4.1 Evaluation of Uncorrelated Nested Expressions Although LINQ queries' execution is deferred, an execution strategy of some expressions comprising LINQ queries can be immediate. Such expressions are evaluated locally in the place of the definition. Some operators, like aggregate functions returning a single value instead of a queryable data source, force immediate execution of a query.
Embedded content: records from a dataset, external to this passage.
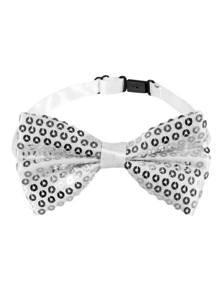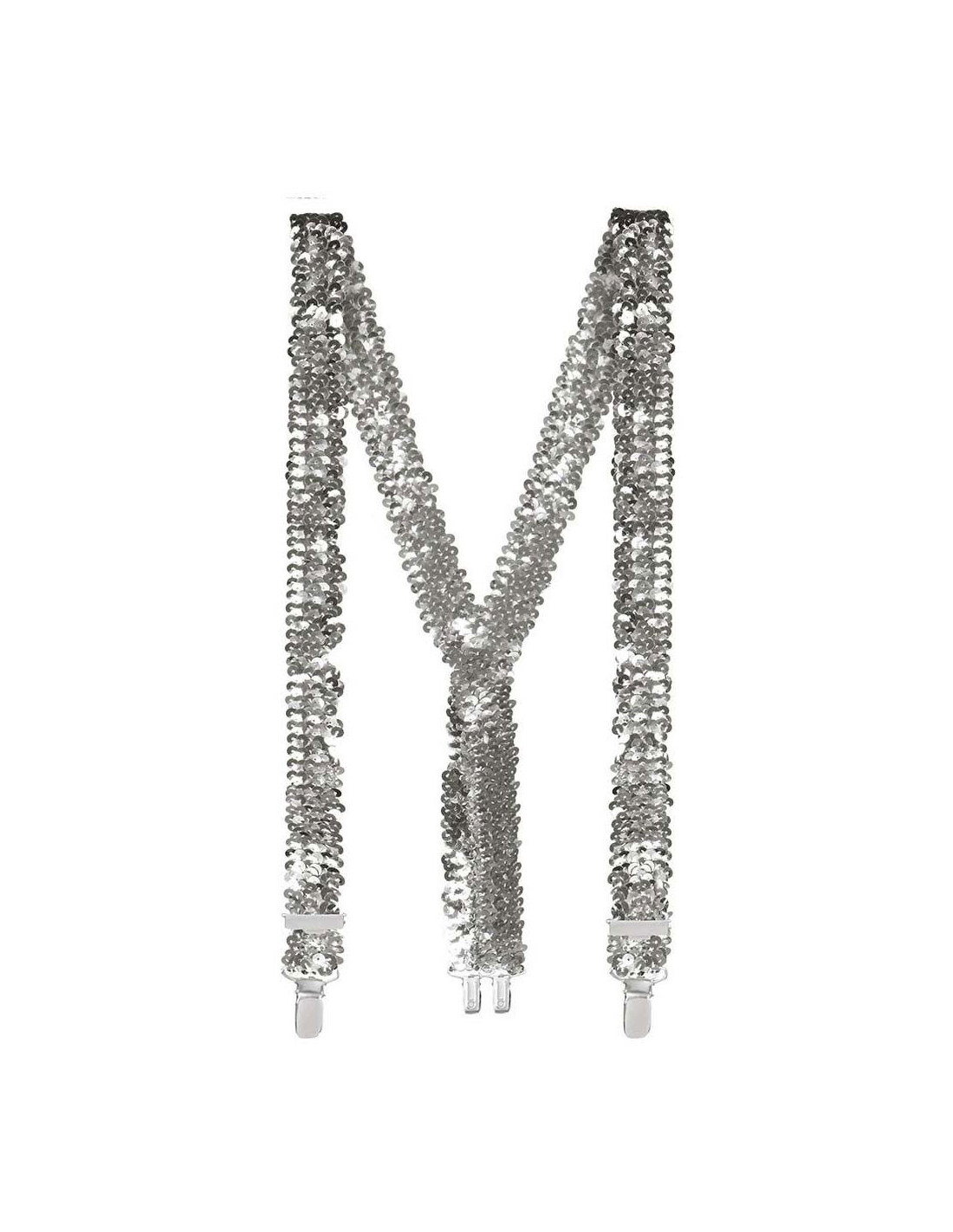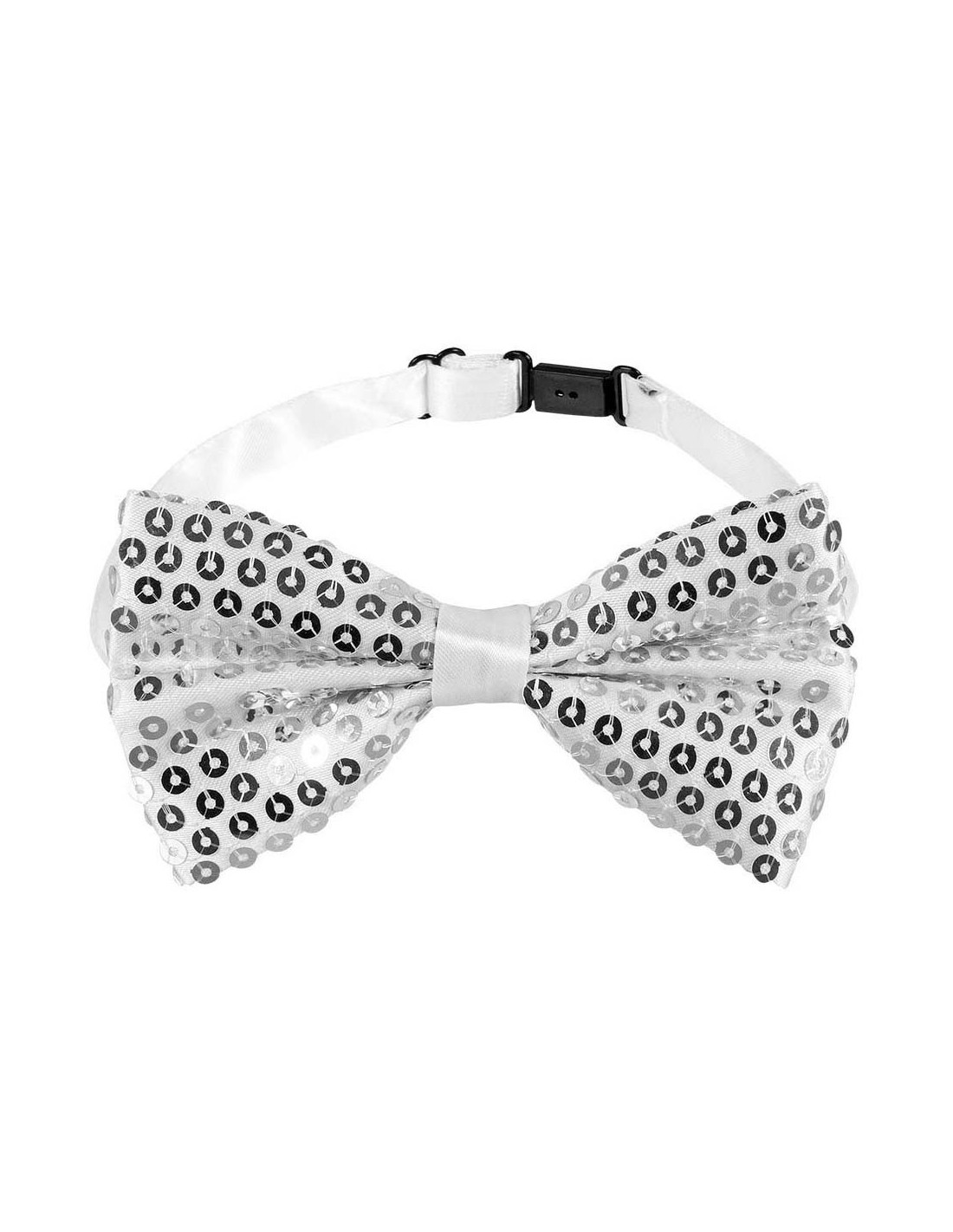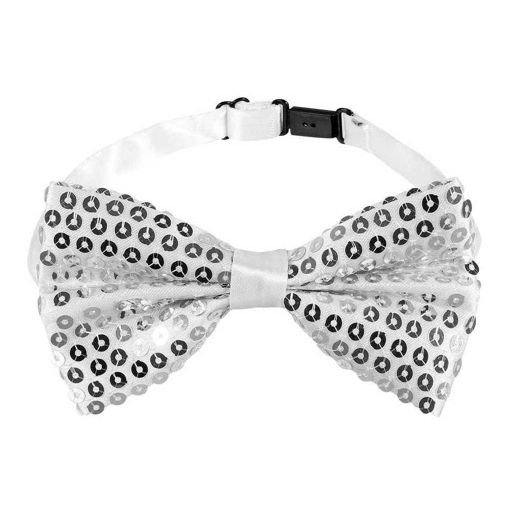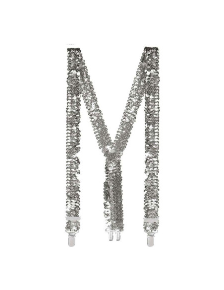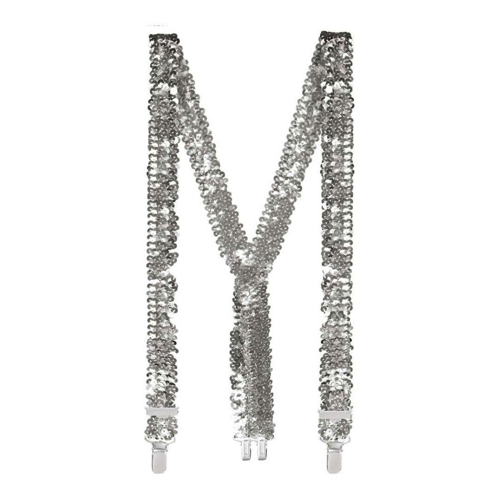 Zilveren accessoireset bestaande uit partybril, vlinderstrik en bretels. Gemaakt van diverse materialen. Geschikt vanaf 14 jaar.
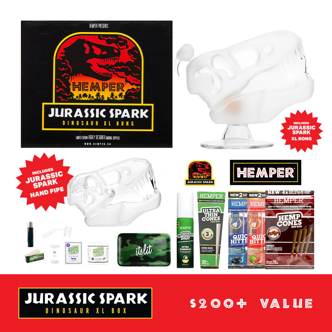 The Jurassic Spark XL Bong Box is a limited edition bundle featuring the XL bong with a 45 degree 14mm banger, matching hand pipe, exclusive dino stickers and premium smoking accessories. Complete with rolling tray, filter tips, quick hitters, pre rolls, odor eliminator and more, this collectible set delivers everything you need for a prehistoric level sesh.
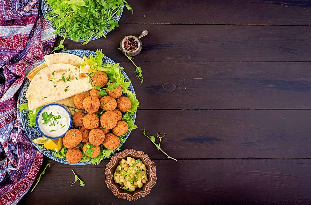 - Zubereitung von: Mezze-Trio aus Hummus, Baba Ghanoush & Muhammara mit frischem Fladenbrot, Falafel-Bällchen mit Minz, Joghurt und Granatapfelkernen, Lammkarree mit orientalischer, Chermoula und geschmortem Gemüse, Baklava mit Nüssen & Honig
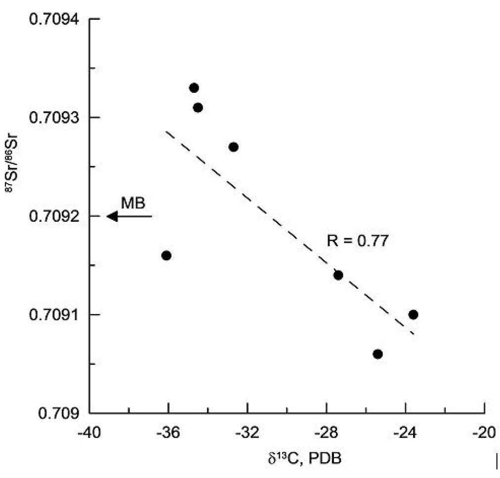 Отрицательная корреляция значений δ13С и отношений 87Sr/86Sr (рис. 6) подтверждает участие в образовании аутигенных карбонатов хребта Гаккеля как минимум двух источников диагенетических флюидов.

The query in Listing 2 contains such an expression determining the greatest unit price in the products’ collection. However, it will not be evaluated until execution of maxQuery since it is contained in a lambda expression defining a
selection predicate for the Where method. Analysing the query, it becomes obvious that the nested expression will be executed multiple times, since it is a part of the lambda abstraction (specifying the selection predicate) called against each product (the external Where operator induces a loop iterating over elements of the products' collection). This form is not efficient and makes the computational complexity quadratic (i.e., O(n2)). However, the expression determining the greatest unit price among products is independent of the parent query and could be evaluated just once. Let us refer to such constructs as “free expressions”. In order to improve query performance, a programmer must transform it. A natural way for optimisation seems to be factoring out of the problematic free subexpression to a separate instruction and assigning it to a new variable (see Listing 3). The changes could also be presented in the LINQ query expression, but because the form with extension methods is actually executed, it will be a basis for this study. var nestedMaxPrice = products.Max(p2=>p2.unitPrice); var maxQuery = products. Where(p => nestedMaxPrice == p.unitPrice). Select(p => p.productName);
Listing 3 Example 1 – loops in separate instructions. A result of the transformation shown in Listing 3 may seem effective. The solution is more efficient (a linear computational complexity) than the query in Listing 2. However, a part of the original query specified in the nestedMaxPrice variable is executed but the other part remains deferred to the moment of an actual demand. It is possible that data in a collection may change between creation of a query and its evaluation. The original query form (and the programmer’s intention) is insusceptible to it – the query is always completely executed on a current data state. After immediate execution of the nested expression one cannot be sure about it – maxQuery can be evaluated when data needed for calculating the nestedMaxPrice subexpression got already modified. As a result of the transformation, there occurred a change of the query semantics that is very difficult to detect by a programmer or tests. Ultimately, a programmer is forced to resign from deferred execution of the whole query, which is shown in Listing 4. There exist several techniques to force immediate execution of a LINQ query. For example, the ToList method returns a list containing a materialised query result. var maxPrice = products.Max(p2=>p2.unitPrice); var maxQuery = products. Where(p => maxPrice == p.unitPrice). Select(p => p.productName).ToList();
Listing 4 Example 1 – fully immediate execution (linear computational complexity). Notice that the ToList operation should be applied also to a factored out expression if its evaluation strategy is lazy. It cannot be applied to the expression defining maxPrice due to its inherent immediate execution. In our previous paper we discuss details concerning factoring out of a construct evaluated lazily [34]. Due to explicit materialisation, reusing the optimised query against a different data state becomes troublesome. For an inexperienced programmer, a way of getting an appropriate query form can be too complicated. Without deeper knowledge on the LINQ internal semantics in a context of object data, obtaining optimal structure of code is a tricky, time-consuming and error-prone task. The example shows a lack of real independence of LINQ from a type of a data source. Despite the fact that LINQ allows unified processing on various types and sources of data, an actual execution plan relies on them. It seems that the basis for elaborating this layer of the language was mostly the integration of the object-relational mapping with a type system of a programming language (what also shows at the level of the LINQ query expression syntax and implementing providers [35]).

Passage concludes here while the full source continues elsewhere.